So not fair. It’s like Natalia still thinks I’m going to have a heart attack the second I pick up the kid, and she’s not even thirty pounds!

I run to catch back up to them, stepping in front of Natalia to stop her progress.

“Gimme.”

“Olivia, no.”

“Gimme…please?” I wiggle my fingers and pout. She’s thinking it over, I can tell. I think she’s about to say no again so I whip out the big guns. “Honey, it’s Christmas!”

She frowns as the Bear parrots, “Uh-nee, it kwitma!” She wiggles and tries to escape into my arms.

Kid’s got skills. And I take full credit for them.

“Fine,” Natalia huffs. She’s trying not to smile, something the half-dimple on her left cheek easily gives away.

I settle Francesca on my hip, giving her a big raspberry on her cheek that earns me a precious giggle. I grab Nat’s nearest hand with my free one and intertwine our fingers as we head for the house.

Finally inside-jackets and shoes left in the mudroom, mind you-I put the Bear on the floor and give her a little pat on the butt.

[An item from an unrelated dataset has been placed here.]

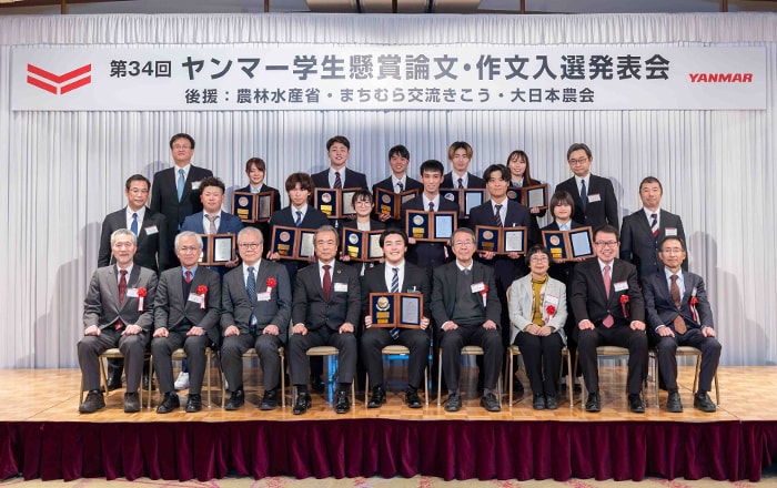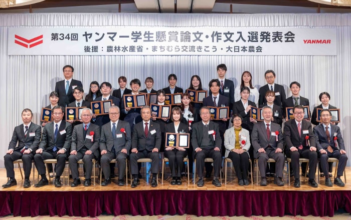 ヤンマーホールディングスのグループ会社であるヤンマーアグリ株式会社(本社:岡山県岡山市、社長:増田長盛、以下ヤンマーAG)は、2月9日(金)、「第34回ヤンマー学生懸賞論文・作文入選発表会」を4年ぶりに対面開催し、優秀作品として論文13編(大賞、特別優秀賞、優秀賞)、作文13編(金賞、銀賞、銅賞)を決定、表彰しました。

“Go on and wash your hands, Miss Bear. Then go find your big sis and bug her for a bit, will ya?”

“Okay, Grrrr.”

She waddles out of the kitchen excitedly, and I peek my head around the doorway to make sure she gets up the stairs safely. When I turn back Natalia has already retrieved the cookies from the oven, saving them I’m sure from a blackened doom.

I slide up behind her as she expertly transfers the cookies to a cooling rack, resting my chin on her shoulder and wrapping my arms tightly around her midsection. She relaxes a little and finally turns around in my arms after the cookie transport is complete.

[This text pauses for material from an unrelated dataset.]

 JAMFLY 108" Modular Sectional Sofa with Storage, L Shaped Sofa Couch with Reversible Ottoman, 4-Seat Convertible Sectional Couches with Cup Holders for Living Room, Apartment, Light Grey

“Hello dear.” I lean in for a quick kiss.

She chuckles and shakes her head. “Hi sweetie.” She hugs me closer and drops her head on her shoulder.

Huh.

That’s not a particularly happy gesture according to my index of Natalia Rivera’s body language.

“What’s wrong, baby?”

She shakes her head.

Score two for the negative body language.

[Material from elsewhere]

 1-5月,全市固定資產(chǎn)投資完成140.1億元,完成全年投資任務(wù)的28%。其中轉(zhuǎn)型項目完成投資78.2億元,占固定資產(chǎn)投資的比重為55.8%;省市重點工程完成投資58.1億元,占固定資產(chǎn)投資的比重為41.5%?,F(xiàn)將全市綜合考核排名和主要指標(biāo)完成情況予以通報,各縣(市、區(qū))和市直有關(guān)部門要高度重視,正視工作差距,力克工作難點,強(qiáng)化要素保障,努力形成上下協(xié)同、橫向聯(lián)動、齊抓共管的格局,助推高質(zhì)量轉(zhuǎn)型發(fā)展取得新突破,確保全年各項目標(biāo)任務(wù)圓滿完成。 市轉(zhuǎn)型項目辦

Shit. What did I do wrong?

I baked the cookies.

Did she ask me to do anything else?

No, definitely not.

I turn my head a little to inspect the floor. No snow was dragged in.

Double huh.

That leaves me with nothing else besides something happening at Frank’s. I hope. ‘Cause if I did something to ruin her Christmas I’m going to be so pissed. Dammit, Spencer!

“Did something happen at Frank’s?”

Another shake.

“Are you sure?”

A nod.

Okay, I may be ten times more patient now than I was before Natalia, but I’m nearing my tolerance level fast.

“Baby,” I start rubbing circles on her back, “if you don't tell me what’s wrong I can’t fix it.” And I hate not being able to fix it.

I wait for about a minute and finally she mumbles something.

“What was that?”

She raises her head and looks at me with sad eyes. “They were all there.”

Uh. Okay. I have no fuckin clue what the fuck that means. Fuck me!

“Who was all there, baby?” I’m trying to remain patient, but apparently it’s not working because she leans back a little and her eyes start to water. I know she wants to walk away but lucky for me she’s pinned to the counter.

I move my hands from her back and bring them up between us to grab the sides of her face.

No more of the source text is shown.